Data section
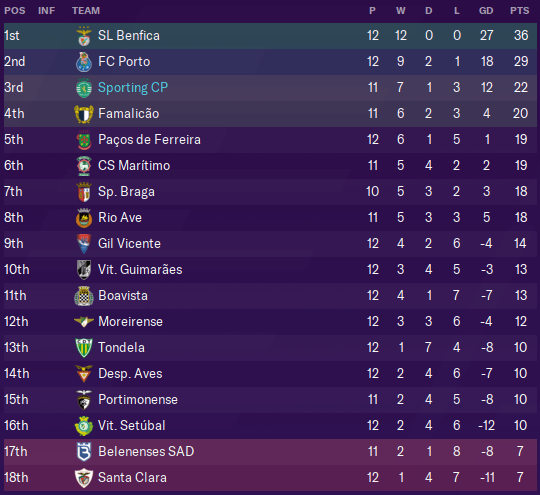 After our last league match of November, the gap between us and the unstoppable Benfica juggernaut had increased to 14 points. Even Porto had proven no match for our city rivals, with their 5-1 home loss to the Águias boosting our hopes of catching them up in 2nd. In the meantime, we still had to fend off a bunch of teams looking to displace us.
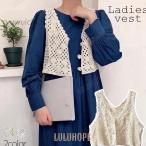 ベスト トップス 透かし編み かぎ編み ジレ 前開き Vネック 春 夏 ショート丈 レディース 女性 袖なし カジュアル 無地 ニットベスト カジュア
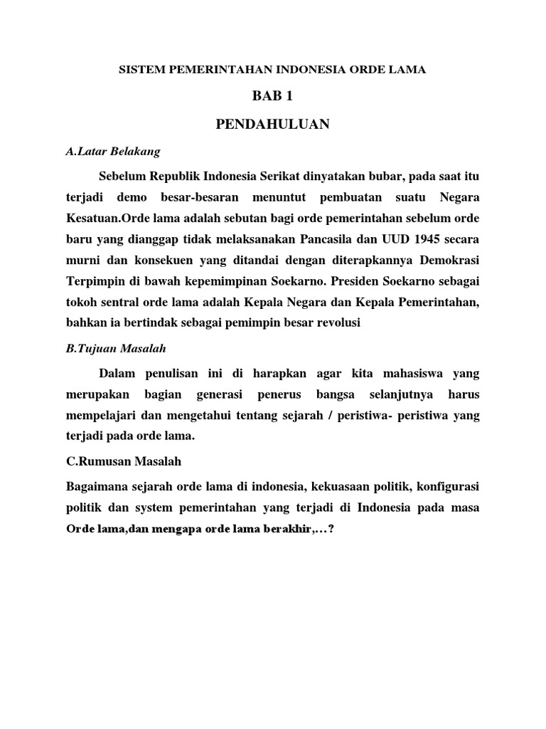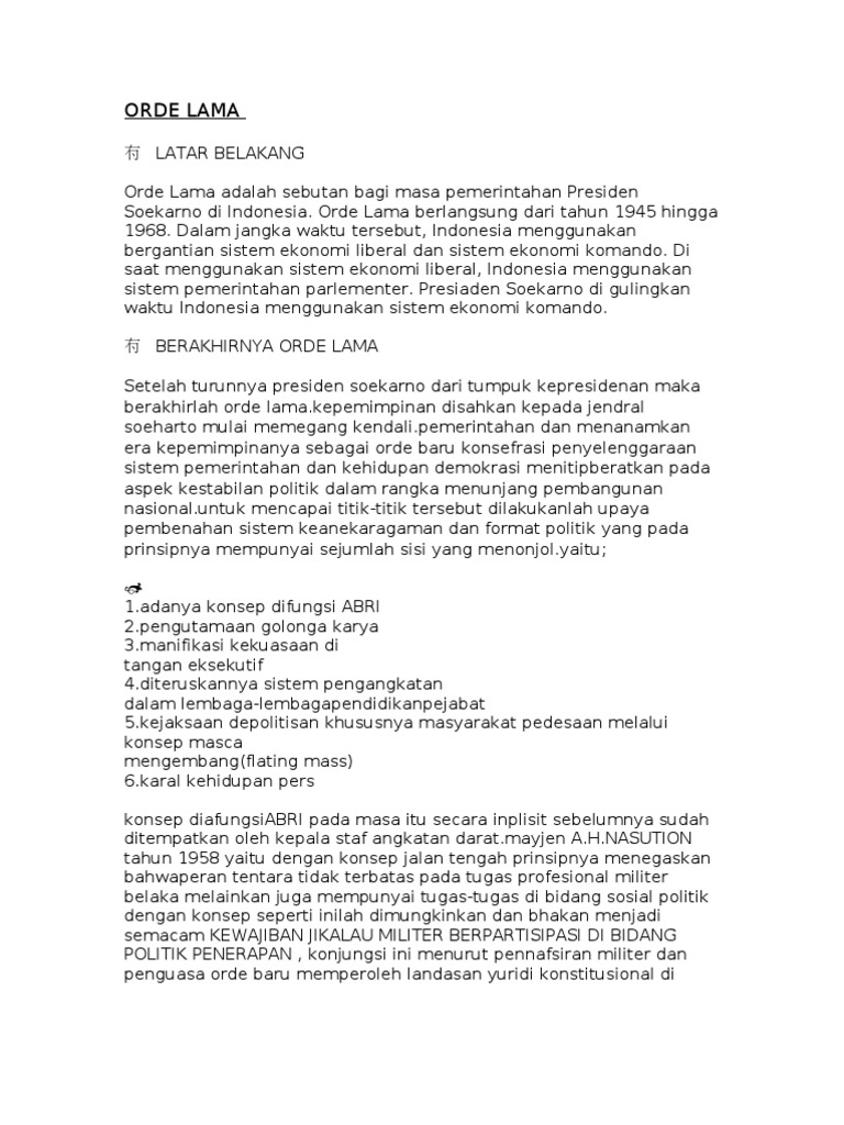 ORDE LAMA.doc - BAB I PENDAHULUAN A Latar Belakang Orde Lama adalah sebutan bagi masa pemerintahan Presiden Soekarno di Indonesia Orde Lama berlangsung | Course Hero

Exercise instructions
If the material above contains pictures, exclude them from an otherwise exact transcription.

Solution for this problem
 After our last league match of November, the gap between us and the unstoppable Benfica juggernaut had increased to 14 points. Even Porto had proven no match for our city rivals, with their 5-1 home loss to the Águias boosting our hopes of catching them up in 2nd. In the meantime, we still had to fend off a bunch of teams looking to displace us.
 ベスト トップス 透かし編み かぎ編み ジレ 前開き Vネック 春 夏 ショート丈 レディース 女性 袖なし カジュアル 無地 ニットベスト カジュア
 ORDE LAMA.doc - BAB I PENDAHULUAN A Latar Belakang Orde Lama adalah sebutan bagi masa pemerintahan Presiden Soekarno di Indonesia Orde Lama berlangsung | Course Hero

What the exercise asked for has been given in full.